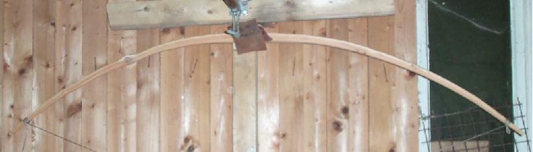 So, ist zwar kein Flitzebagen, nur ein asymmetrischer Langbogen, unten die Sehne in einer Kerbe am Bogenbauch fixiert und dann Schweinerückenknoten 4x, oben einseitige Sehnenkerbe seitlich und am Bogenbauch mit zu ziehender Schlinge, aber
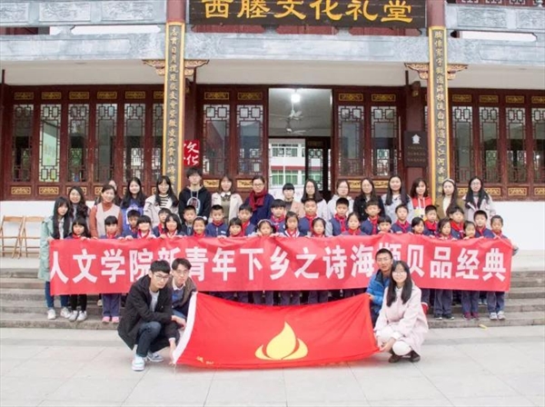 11月22日,我校bat365在线中国官网登录入口思源青年志愿者协会来到芙蓉镇西塍文化礼堂,携手芙蓉镇政府和雁湖九年一贯制学校共同举办了bat365在线中国官网登录入口新青年下乡之“诗海撷贝品经典”活动。
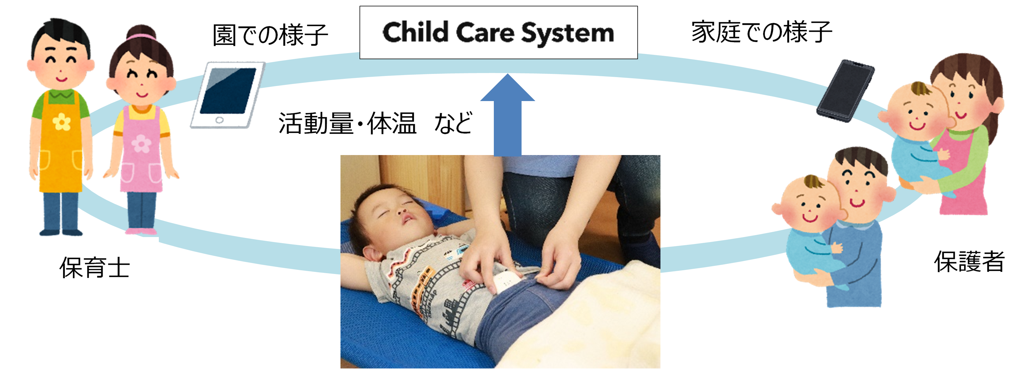 共同研究では、CHaiLDと関連のある保育園に通う0~2歳の乳幼児最大300人を対象に、睡眠中の活動量や皮膚表面温度を体動・温度センサーで測定し、日々の体調の変化を記録します。そこから得られたデータを解析することによって、家庭と保育施設が共同養育※1を行い、乳幼児にとっての良質な睡眠環境を実現し、乳幼児一人ひとりの適切な睡眠ケアへつなげます。
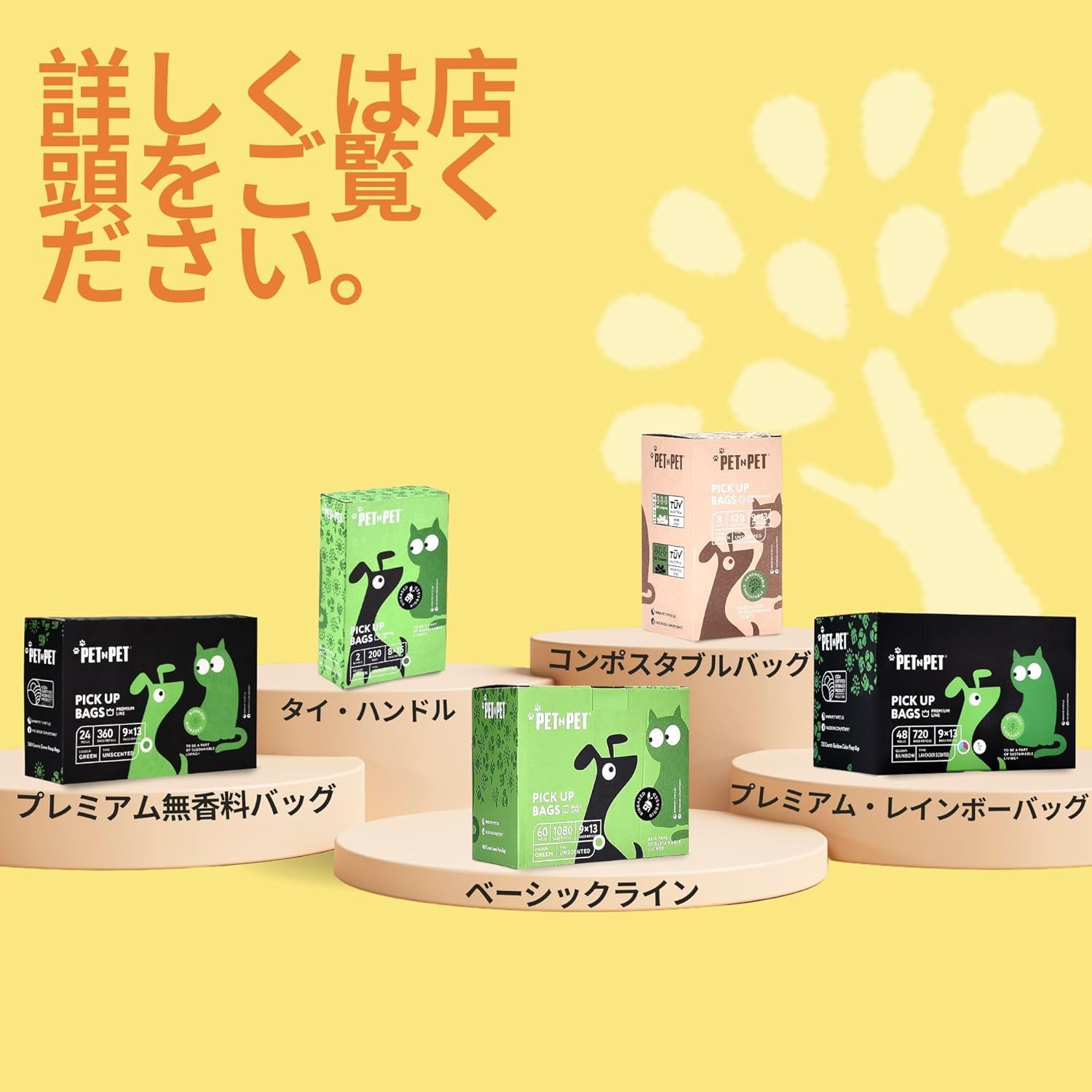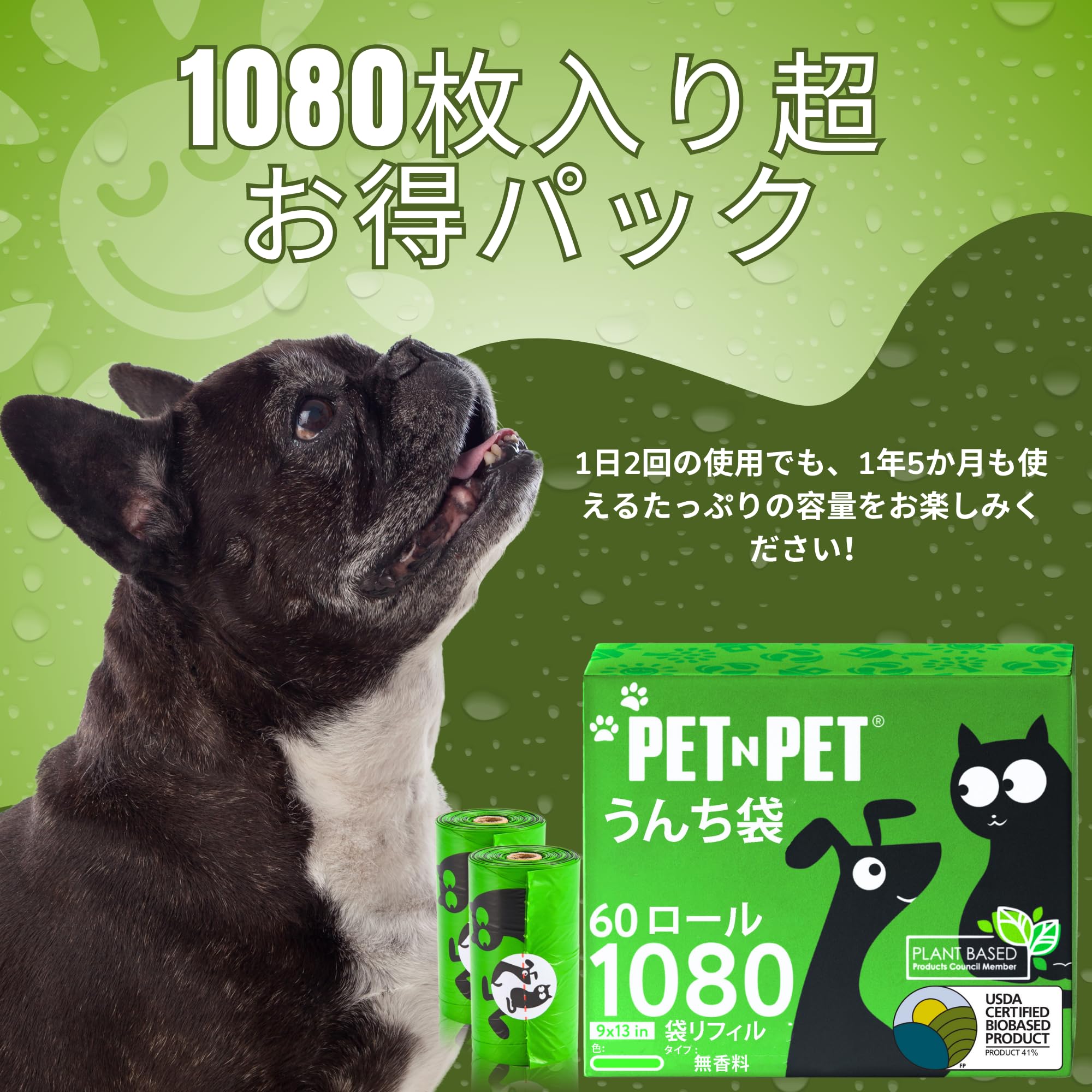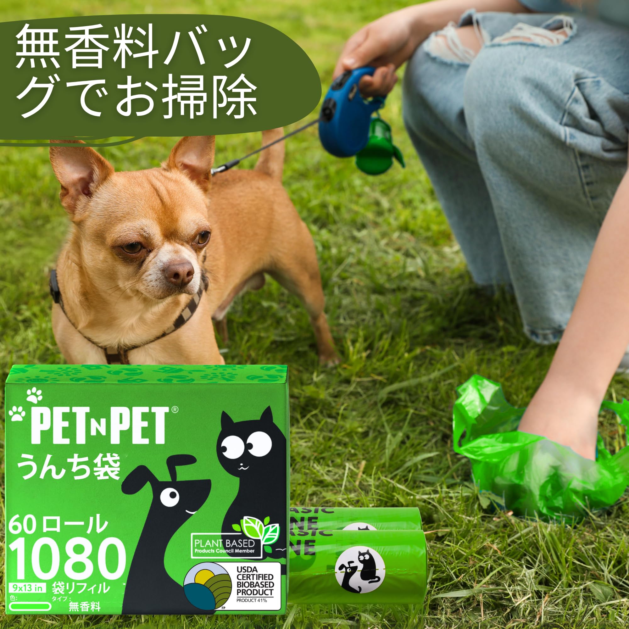 Pet N Pet うんち袋、エチケット袋、60ロール入り1080個、臭わない犬のうんち袋、犬の散歩用猫用トイレ袋、USDA認定 38% 植物由来 & 62% PE、漏れ防止で丈夫

*-*-*

* **To do**: Return the material above verbatim. Pictures are to be excluded.

* **Solution to the problem**:
 So, ist zwar kein Flitzebagen, nur ein asymmetrischer Langbogen, unten die Sehne in einer Kerbe am Bogenbauch fixiert und dann Schweinerückenknoten 4x, oben einseitige Sehnenkerbe seitlich und am Bogenbauch mit zu ziehender Schlinge, aber
 11月22日,我校bat365在线中国官网登录入口思源青年志愿者协会来到芙蓉镇西塍文化礼堂,携手芙蓉镇政府和雁湖九年一贯制学校共同举办了bat365在线中国官网登录入口新青年下乡之“诗海撷贝品经典”活动。
 共同研究では、CHaiLDと関連のある保育園に通う0~2歳の乳幼児最大300人を対象に、睡眠中の活動量や皮膚表面温度を体動・温度センサーで測定し、日々の体調の変化を記録します。そこから得られたデータを解析することによって、家庭と保育施設が共同養育※1を行い、乳幼児にとっての良質な睡眠環境を実現し、乳幼児一人ひとりの適切な睡眠ケアへつなげます。
 Pet N Pet うんち袋、エチケット袋、60ロール入り1080個、臭わない犬のうんち袋、犬の散歩用猫用トイレ袋、USDA認定 38% 植物由来 & 62% PE、漏れ防止で丈夫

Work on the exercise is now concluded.